PROBLEM DETAILS: Because only the text is wanted, repeat the records below exactly and omit the pictures.

*** SOURCE DATA ***

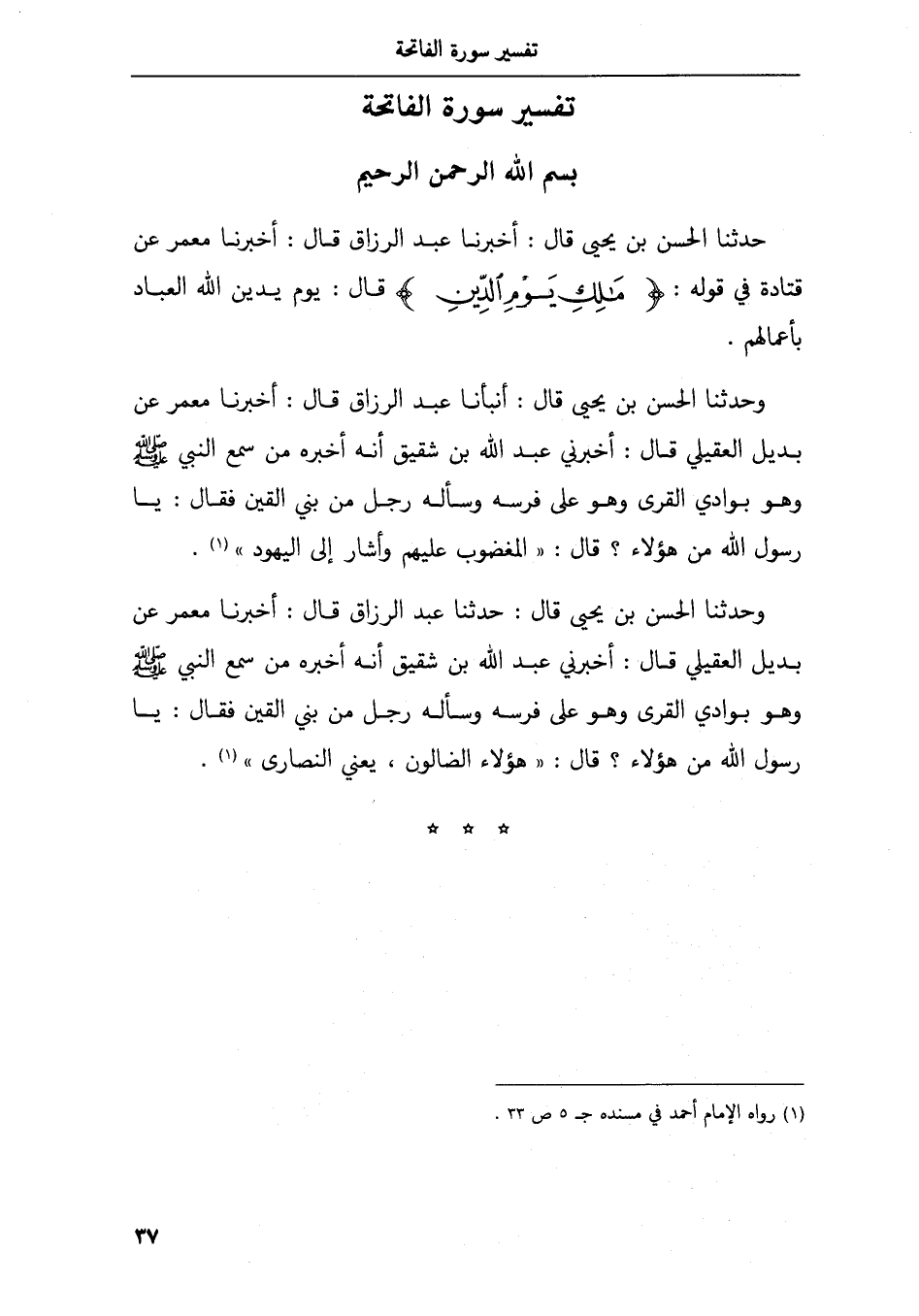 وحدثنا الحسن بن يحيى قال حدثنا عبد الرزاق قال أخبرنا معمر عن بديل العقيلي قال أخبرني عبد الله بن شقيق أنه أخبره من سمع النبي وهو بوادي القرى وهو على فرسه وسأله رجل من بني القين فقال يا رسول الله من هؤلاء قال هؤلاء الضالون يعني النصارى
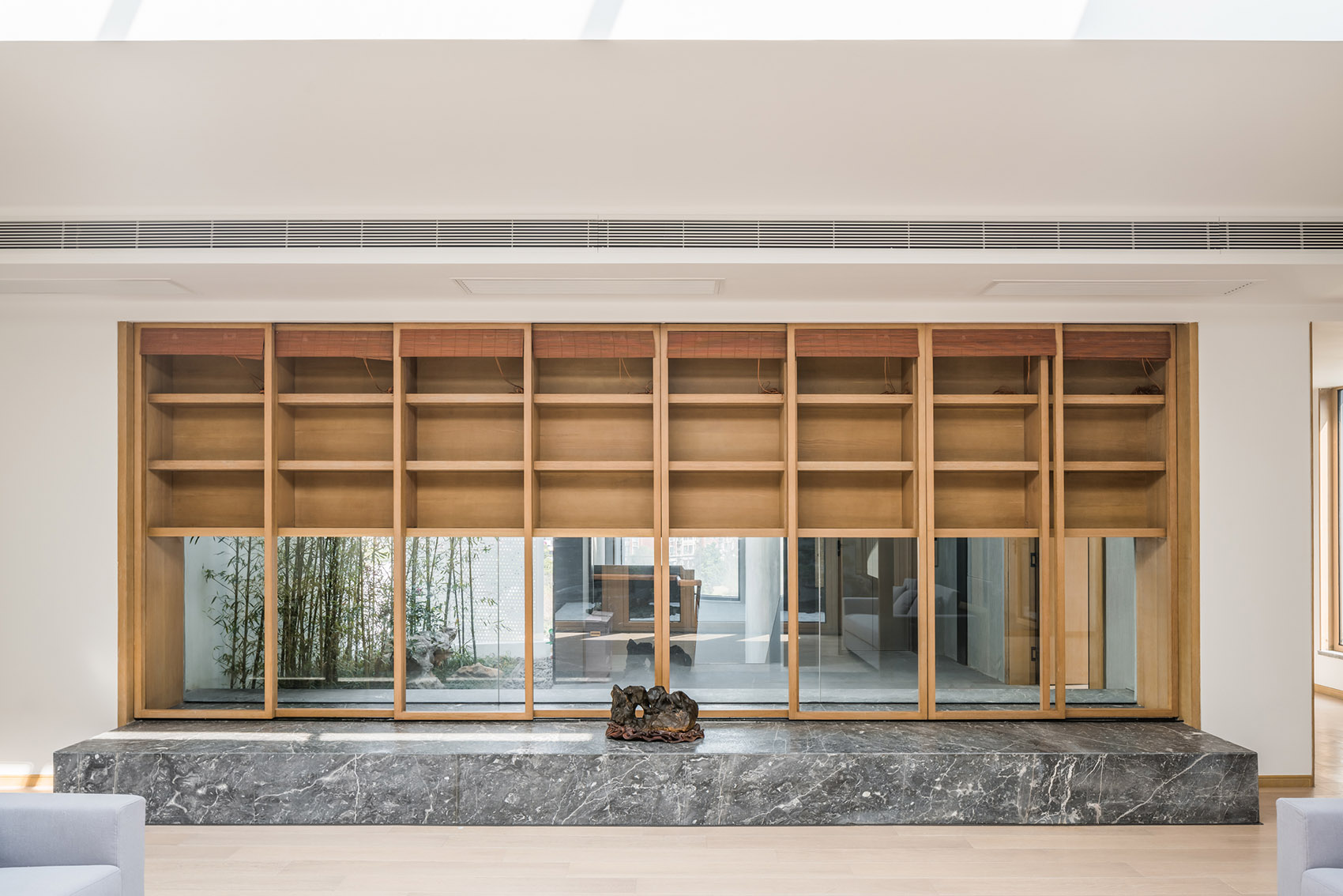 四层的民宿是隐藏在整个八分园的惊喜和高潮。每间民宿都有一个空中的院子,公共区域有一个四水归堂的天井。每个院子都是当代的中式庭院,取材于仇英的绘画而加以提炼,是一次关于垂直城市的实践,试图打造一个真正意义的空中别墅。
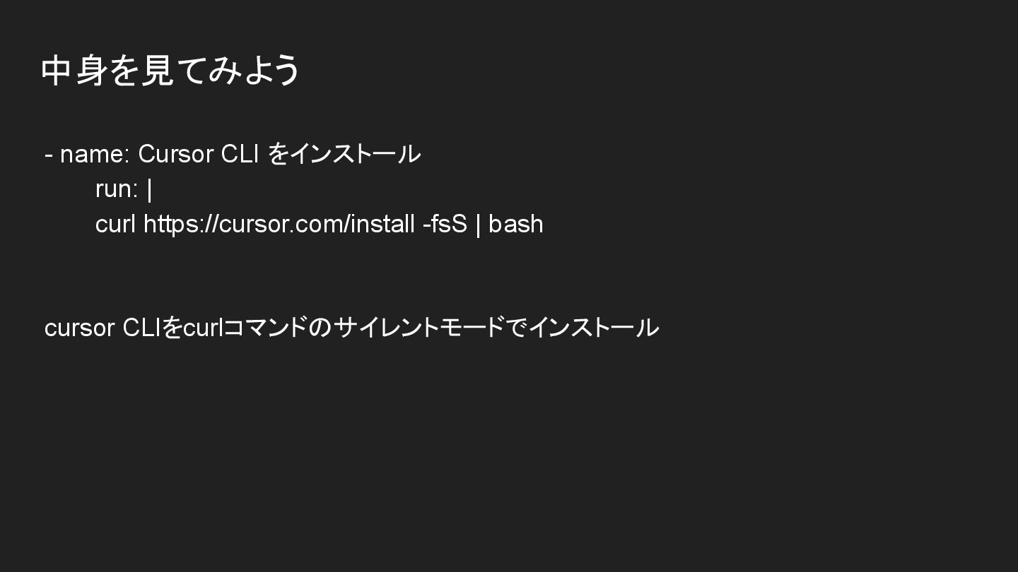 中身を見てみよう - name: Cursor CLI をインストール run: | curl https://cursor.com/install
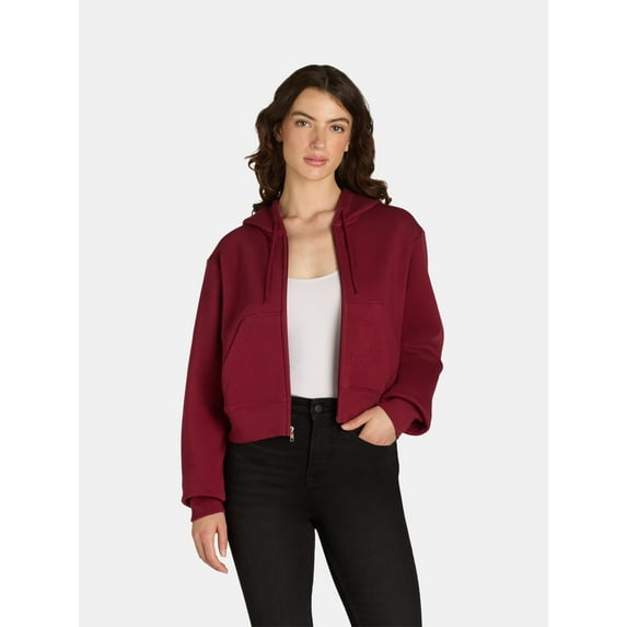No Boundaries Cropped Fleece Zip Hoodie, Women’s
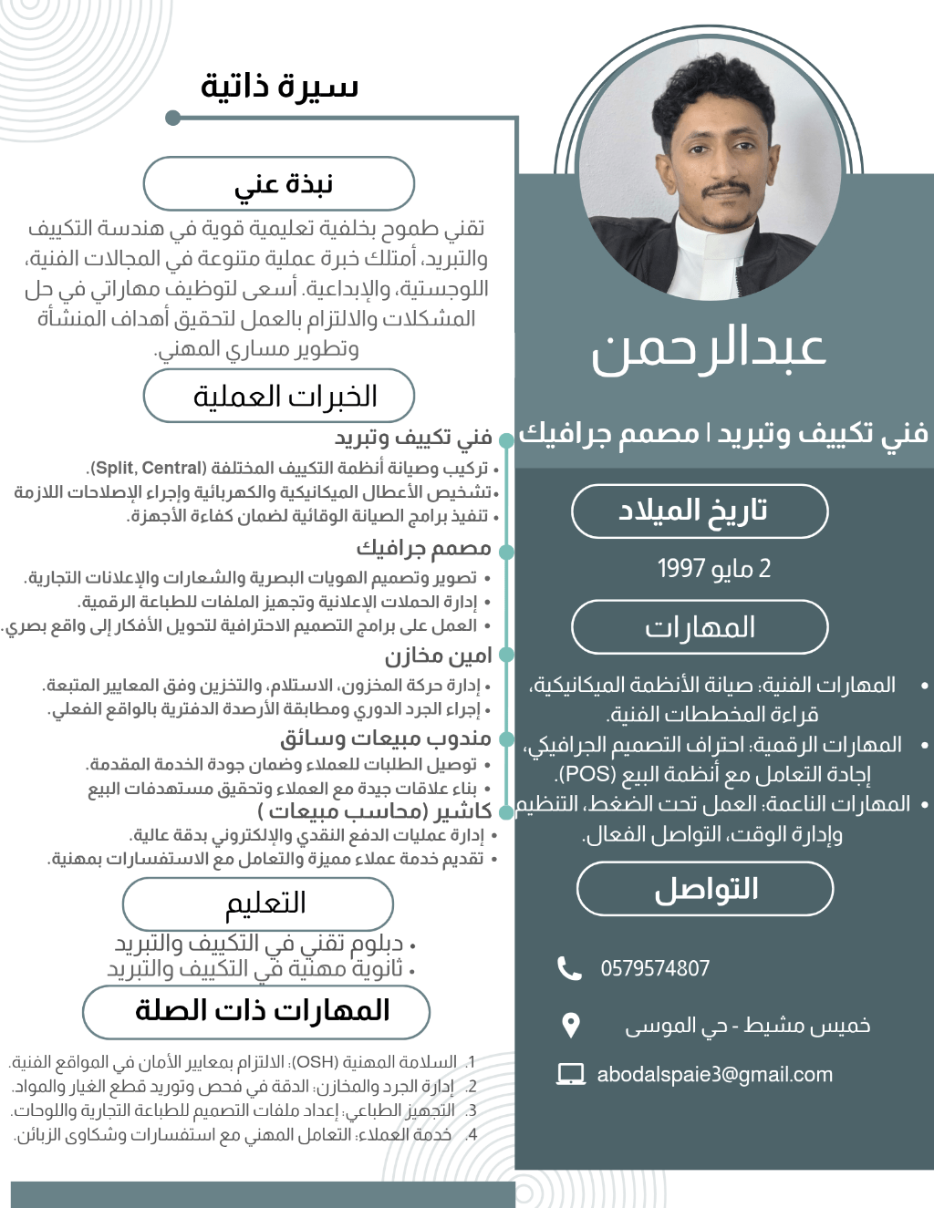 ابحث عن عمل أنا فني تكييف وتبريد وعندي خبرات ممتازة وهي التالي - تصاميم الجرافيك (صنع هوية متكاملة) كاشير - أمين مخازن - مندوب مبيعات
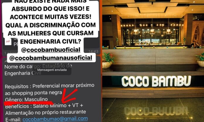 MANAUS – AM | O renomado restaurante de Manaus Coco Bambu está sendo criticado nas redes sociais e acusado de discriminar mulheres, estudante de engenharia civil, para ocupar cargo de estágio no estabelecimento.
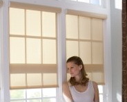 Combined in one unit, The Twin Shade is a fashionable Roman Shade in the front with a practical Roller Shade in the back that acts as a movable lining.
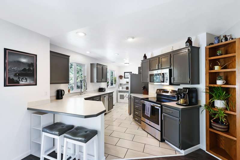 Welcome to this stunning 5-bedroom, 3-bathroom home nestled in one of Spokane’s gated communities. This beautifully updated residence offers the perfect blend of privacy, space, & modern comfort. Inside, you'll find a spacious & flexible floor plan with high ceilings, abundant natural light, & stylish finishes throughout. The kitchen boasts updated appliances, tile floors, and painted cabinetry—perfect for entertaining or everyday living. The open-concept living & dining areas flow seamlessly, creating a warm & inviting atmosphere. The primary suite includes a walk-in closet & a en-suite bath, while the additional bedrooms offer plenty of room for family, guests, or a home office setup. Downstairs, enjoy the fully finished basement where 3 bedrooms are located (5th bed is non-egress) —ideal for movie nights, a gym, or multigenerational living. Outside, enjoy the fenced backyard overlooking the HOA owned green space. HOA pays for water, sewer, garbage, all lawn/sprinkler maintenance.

*** End of SOURCE DATA ***

THE ANSWER:
 وحدثنا الحسن بن يحيى قال حدثنا عبد الرزاق قال أخبرنا معمر عن بديل العقيلي قال أخبرني عبد الله بن شقيق أنه أخبره من سمع النبي وهو بوادي القرى وهو على فرسه وسأله رجل من بني القين فقال يا رسول الله من هؤلاء قال هؤلاء الضالون يعني النصارى
 四层的民宿是隐藏在整个八分园的惊喜和高潮。每间民宿都有一个空中的院子,公共区域有一个四水归堂的天井。每个院子都是当代的中式庭院,取材于仇英的绘画而加以提炼,是一次关于垂直城市的实践,试图打造一个真正意义的空中别墅。
 中身を見てみよう - name: Cursor CLI をインストール run: | curl https://cursor.com/install
No Boundaries Cropped Fleece Zip Hoodie, Women’s
 ابحث عن عمل أنا فني تكييف وتبريد وعندي خبرات ممتازة وهي التالي - تصاميم الجرافيك (صنع هوية متكاملة) كاشير - أمين مخازن - مندوب مبيعات
 MANAUS – AM | O renomado restaurante de Manaus Coco Bambu está sendo criticado nas redes sociais e acusado de discriminar mulheres, estudante de engenharia civil, para ocupar cargo de estágio no estabelecimento.
 Combined in one unit, The Twin Shade is a fashionable Roman Shade in the front with a practical Roller Shade in the back that acts as a movable lining.
 Welcome to this stunning 5-bedroom, 3-bathroom home nestled in one of Spokane’s gated communities. This beautifully updated residence offers the perfect blend of privacy, space, & modern comfort. Inside, you'll find a spacious & flexible floor plan with high ceilings, abundant natural light, & stylish finishes throughout. The kitchen boasts updated appliances, tile floors, and painted cabinetry—perfect for entertaining or everyday living. The open-concept living & dining areas flow seamlessly, creating a warm & inviting atmosphere. The primary suite includes a walk-in closet & a en-suite bath, while the additional bedrooms offer plenty of room for family, guests, or a home office setup. Downstairs, enjoy the fully finished basement where 3 bedrooms are located (5th bed is non-egress) —ideal for movie nights, a gym, or multigenerational living. Outside, enjoy the fenced backyard overlooking the HOA owned green space. HOA pays for water, sewer, garbage, all lawn/sprinkler maintenance.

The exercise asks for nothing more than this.